少頃,明德門上的守衛只見一匹黑鬃駿馬疾馳而來直奔城樓,兩眼瞪大了正要喝令,其中一人定睛瞧向那馬,只見通體漆黑無一雜色,腳力迅疾如風,心中警鈴一作,忙高聲大喊:“是墨麒麟!馬上之人乃為晉王殿下!爾等休得無禮!”
霎時群人譁然,連忙在頭領的帶領下聚集到樓下恭候,待馬蹄聲近,俯首齊聲高呼:“見過晉王!”
裴鈺下馬,順便將掙扎一路的武芙蓉鬆開,從懷中掏出包銀子扔給領頭的:“今夜這門由本王來守,你帶著兄弟們吃酒去吧。”
對方傻了,等反應過來腿都軟了,捧著銀子跪下道:“屬下多謝殿下-體恤!不過這這這……這於理不合啊殿下!”
裴鈺才沒管,將試圖溜走的武芙蓉一拉,不耐煩道;“什麼合不合的,本王的命令都敢不聽了?”
氣勢一出來,誰也不敢再張口了。
武芙蓉見躲不過,乾脆將攥了一路的面具又給戴上了,努力避嫌降低自身存在感。
結果裴鈺揚手便給她摘下扔出老遠,戲謔道:“見不得人怎麼?誰還不知道你。”
武芙蓉掐死他的心都有了。
他們倆,一個張揚慣了,一個內斂慣了,出門就像在上刑,單給武芙蓉量身定製的刑。
“你以後再這樣我就永不跟你出門了。”
“怎樣?”
“乖張,放肆,驚世駭俗,沒聽說過哪個王爺半夜帶女子登城樓的。”
“那現在就能聽說了。”
“你讓外面人怎麼傳?”
“愛怎麼傳怎麼傳,爺樂意。
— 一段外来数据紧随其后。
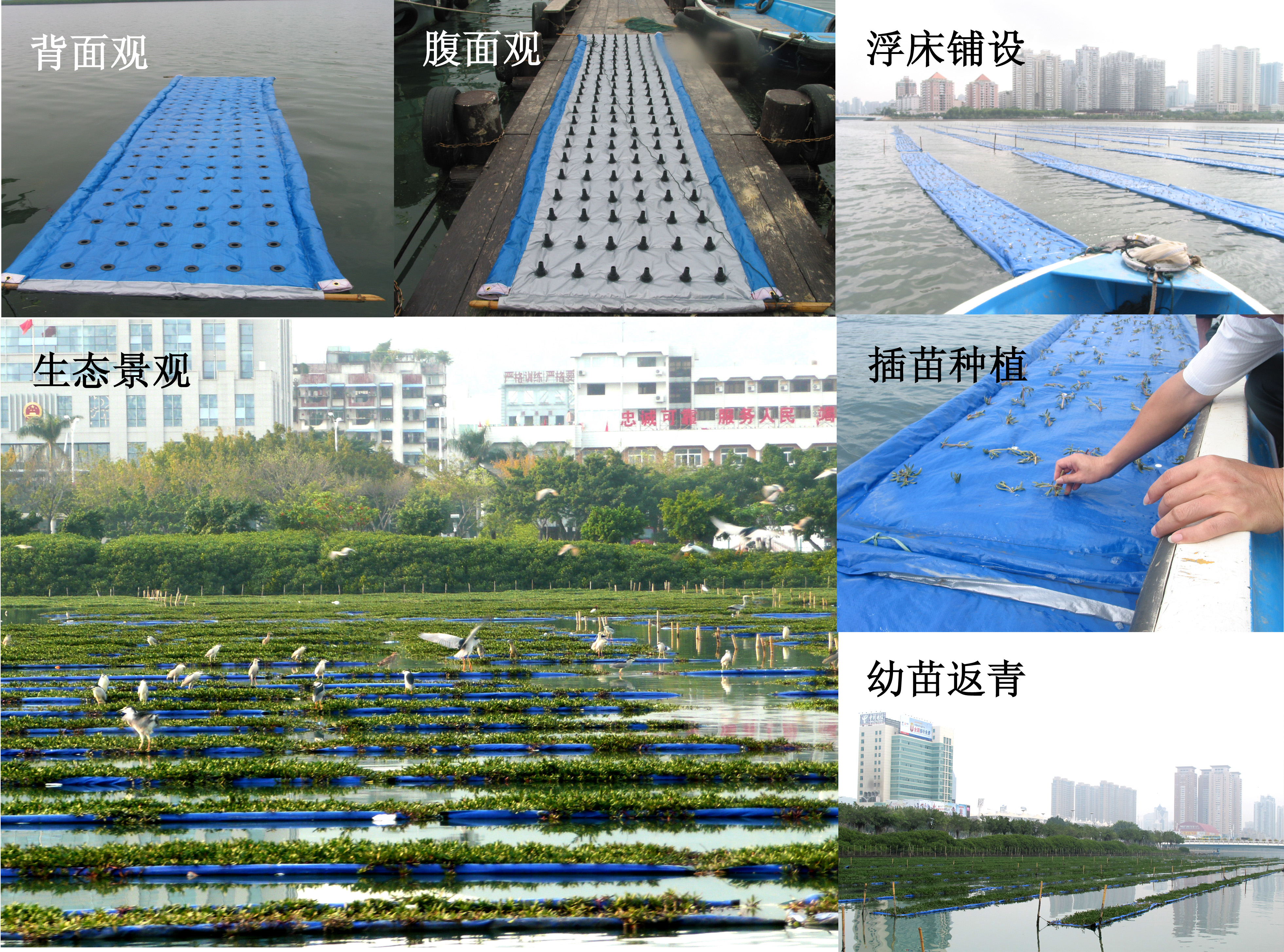 在筼筜湖铺设自行研发的生态浮床开展生态修复

”
二人登樓梯時吵了一路,大眼瞪小眼,誰也不服誰。
武芙蓉本窩火難耐,準備和他周旋片刻便想辦法回去,但等站在城樓最高處,一眼眺望到滿城燈火,她的火氣莫名便消下去了。
一百零八坊,東西兩市,朱雀大街,皇城,太極宮,整個盛京盡收眼底,從南到北,絢麗如一條永不熄滅的星河,奔騰著燦爛輝煌的中原文明,處處彰顯著難以言喻的空前繁華。
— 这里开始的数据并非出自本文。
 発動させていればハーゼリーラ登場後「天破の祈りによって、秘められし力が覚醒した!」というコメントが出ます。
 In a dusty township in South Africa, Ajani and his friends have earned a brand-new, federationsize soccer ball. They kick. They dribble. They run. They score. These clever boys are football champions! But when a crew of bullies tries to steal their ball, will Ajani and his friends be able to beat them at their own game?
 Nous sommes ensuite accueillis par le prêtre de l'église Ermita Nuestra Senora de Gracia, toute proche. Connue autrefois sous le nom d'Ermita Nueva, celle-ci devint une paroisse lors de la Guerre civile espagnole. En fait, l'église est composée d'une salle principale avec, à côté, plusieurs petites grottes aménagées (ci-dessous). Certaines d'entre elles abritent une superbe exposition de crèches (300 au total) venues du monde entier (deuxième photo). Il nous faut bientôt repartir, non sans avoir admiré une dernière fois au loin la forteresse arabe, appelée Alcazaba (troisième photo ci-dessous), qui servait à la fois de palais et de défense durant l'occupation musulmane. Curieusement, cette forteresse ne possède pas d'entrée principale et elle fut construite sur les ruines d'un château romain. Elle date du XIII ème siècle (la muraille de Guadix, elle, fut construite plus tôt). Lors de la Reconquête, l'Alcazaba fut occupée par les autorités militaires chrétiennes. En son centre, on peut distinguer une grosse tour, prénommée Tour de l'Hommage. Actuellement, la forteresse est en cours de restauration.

裴鈺望著她格外入神的表情,嘴角不禁往上翹了翹,似乎他自己的心情也跟著一併好了起來。
等到武芙蓉輕輕舒出口氣,終於捨得回神,他歪著腦袋湊到她眼前,一副吊兒郎當的討打模樣:“還生我氣麼?”
武芙蓉飛他一記眼刀,雖沒出聲,眼中的笑意卻已經出賣了自身心情。
裴鈺的手又開始不老實,拉著她往懷中帶:“以後對我好點,這世上哪有第二個男人像我對你這般好。”
武芙蓉:“我逼著你對我這般好了?”
裴鈺無奈:“是是是,武姑娘說的是,能有機會對你獻殷勤乃是小王的榮幸。”
武芙蓉將腰上的毛手一把扯下,嗔道:“拿這話去賄賂別人吧,我是不吃這套的。”
不料裴鈺竟捂手吃痛一聲,眉頭都跟著緊鎖起來。
武芙蓉被嚇不輕,連忙靠近他問:“怎麼了?可是碰著你手上傷口了?”
裴鈺點頭:“有點。”
武芙蓉這下急了,緊張地捧起他的手去檢查傷勢,埋怨道:“早就讓你上藥包紮你不聽,就覺得沒什麼大不了,我真不知道在你眼中到底怎樣的傷算是大得了。”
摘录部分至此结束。